Selective packaging of tRNAs into HIV-1. Each bar represents the HIV-1:cell ratio for a specific tRNA. DNA probes on the microarray are complementary to either nuclear-encoded or mitochondrial-encoded tRNAs. (A) Ratios using tRNA in wild-type HIV-1. (B) Ratios using tRNA present in Gag VLPs lacking GagPol. tRNALys1,2 and tRNALys3 probes are indicated by gray arrows, and tRNAAsn and tRNAIle(UAU) probes are indicated by black arrows.
We next calculated from our microarray data the concentration of each tRNA relative to the total tRNA population, as determined by the percent of the total fluorescence signal obtained from each labeled tRNA (Fig. 3A,B). Although this type of analysis is uncommon for two-color microarray studies, we believe this analysis can be justified for this tRNA study: (1) our fluorescence labeling scheme relies only on the 3′NCCA, which is single-stranded and universal in all tRNAs; (2) our labeling scheme does not require reverse transcription, and is therefore less sensitive to tRNA structure or modifications; (3) the array probes have a nearly uniform melting temperature; and (4) there is a very good agreement between the percent tRNAs determined by the array and 2D gel electrophoresis methods, as will be shown in Figure 3, C and D.
FIGURE 3.
Abundance of tRNAs in HIV-1. tRNA abundance is expressed as percent of total tRNA fluorescence signal in HEK293 tRNA (A) and HIV-1 tRNA (B). Only nuclear-encoded tRNAs are shown. (C,D) Analysis of low molecular weight RNA in HEK293T cells, HIV-1, and Gag VLPs by 2D PAGE. Total RNA was 3′ labeled with 32pCp. For purposes of quantitative comparison, all samples used equal amounts of viral genomic RNA, were electrophoresed in the same chamber, and exposed to either film or to phosphorimaging at the same time.
As expected, the tRNALys isoacceptors represent the majority of the total tRNA population in HIV-1 (Fig. 3A,B). tRNALys isoacceptors together represent 35% of total tRNA in HIV-1 versus only 4.5% in 293T cells, indicating an eightfold selective packaging. tRNAAsn(GTT) represents 11% of total tRNA in HIV-1 versus 3.4% in 293T cells, indicating a threefold selective packaging. Finally, tRNAIle(UAU) represents 4% of total tRNA in HIV-1 versus 0.6% in 293T cells, indicating a sevenfold selective packaging. Though tRNAIle(UAU) has a high selection relative to cellular RNA, it is one of the less abundant tRNAs present in HIV-1. This reflects the fact that tRNAIle(UAU) is one of the rare tRNAs in 293T cells. The human genomic codon usage for isoleucine has frequencies of 47% (AUC), 36% (AUU), and 17% (AUA). In contrast, the HIV-1 genomic codon usage for isoleucine has frequencies of 18% (AUC), 29% (AUU), and 54% (AUA) (Nakamura et al. 2000). The tRNAIle(UAU) selectively packaged in HIV only reads the AUA codon, which is the rare Ile codon in human, but the most common Ile codon in HIV-1. As for GagVLPs, the total amount of tRNA packaged is reduced by 80% compared to the wild-type HIV-1, assuming that the total RNA contains similar amounts of viral RNA in HIV and GagVLP.

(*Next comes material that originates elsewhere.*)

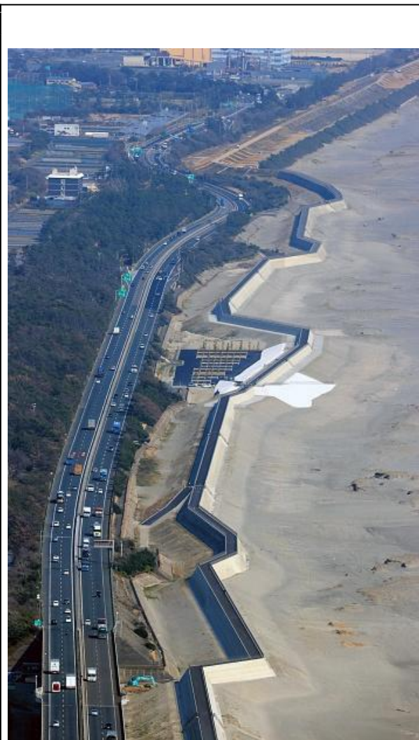
Fig. 1: Breakwater along the coastline in Hamamatsu, Shizuoka Prefecture, Japan

ecological sustainability that are crucial for future prosperity.

Analysis of major viral tRNA species using 2D PAGE
Total viral or Gag VLP RNA was 3′-end-labeled with 32pCp, and labeled tRNAs were resolved by 2D PAGE, which only lets in low molecular weight RNAs into the gel. For wild-type HIV-1 (Fig. 3D), the identity of the major tRNALys isoacceptors has been previously reported (Jiang et al. 1993), including a minor tRNALys3 isoacceptor (Gabor et al. 2002). The species marked tRNAAsn was identified by (1) amplifying the RNA in the spot using RT/PCR with primers specific for this tRNA, and (2) allowing radioactivity in a Northern blot of the gel to decay, and then hybridizing the blot with a labeled DNA probe specific for tRNAAsn (data not shown). Because the tRNAIle spot does not stand out among the remaining spots, consistent with the microarray abundance data, we did not attempt the validation of tRNAIle using these methods.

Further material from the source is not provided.